Do you need to communicate complicated information to your team or to your boss? Information on situations that aren’t straightforward, like team dynamics, financial risks, or product dependencies?


The Thing and Captain America fight, seen through a cube. Overlaid text reads “chaos is the cosmic cube”.
Image by George Perez and Terry Austin. From Marvel 2-in-1, #42. Via Marvel Fandom.

These audiences – your boss, your team, your stakeholders – over-simplify what they hear. They demand conclusions, get impatient, make snap judgements. When humans listen, they take shortcuts.


So what do you do? Do you write down everything in painful detail so your audience can’t miss the nuances? Do you ask your listeners to repeat back to you what they’ve understood? (Sometimes this works well with your own team, but good luck getting your boss to do it!)


There are ways to communicate subtle points efficiently and clearly; you just have to work at it. The following example shows


  • how you don’t need to cheat and over-simplify

  • how your writing process can clear your own thoughts

  • how reworking your words pays off

  • how (finite) verbs make your message actionable


The example is from an area you may or may not be involved in: user experience design. But it’s the communication point that I hope comes through – carrying a complex message clearly.


Scenario


Let’s say you’ve been asked to do a short presentation tomorrow. A group of engineers, your colleagues, is having an offsite meeting. There’s a ten-minute presentation slot at the beginning, a kind of keynote, to kick off the event on a high note. But the manager who was due to speak first has fallen sick and cannot be reached. And now the presentation is on your shoulders.

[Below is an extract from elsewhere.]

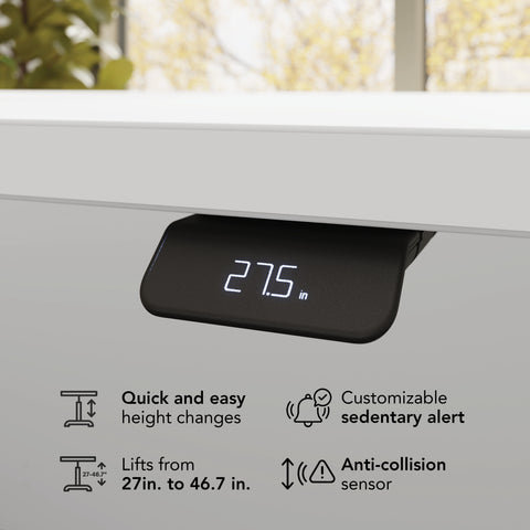 The L-shaped design provides a spacious surface ideal for multitasking. The desk adjusts quickly from 27 to 46.7 inches to encourage movement and sustained focus. An intuitive control panel, programmable height presets, and a customizable sedentary alert help maintain healthy habits and boost productivity. Durable surface resists scratches and stains, while a welded steel base provides reliable supportt for up to 200 pounds of equipment.

There is always a debate in your organization about how many features to build. Customers constantly suggest new features, and your engineers are eager to build them, but your design colleagues keep talking about simple mental models and that kind of thing. You think – if the customers couldn’t handle the features, they wouldn’t ask for them!


You know that your engineering colleagues need some kind of response to Design, though, so you look through the Design books on the shelf for ideas for the presentation.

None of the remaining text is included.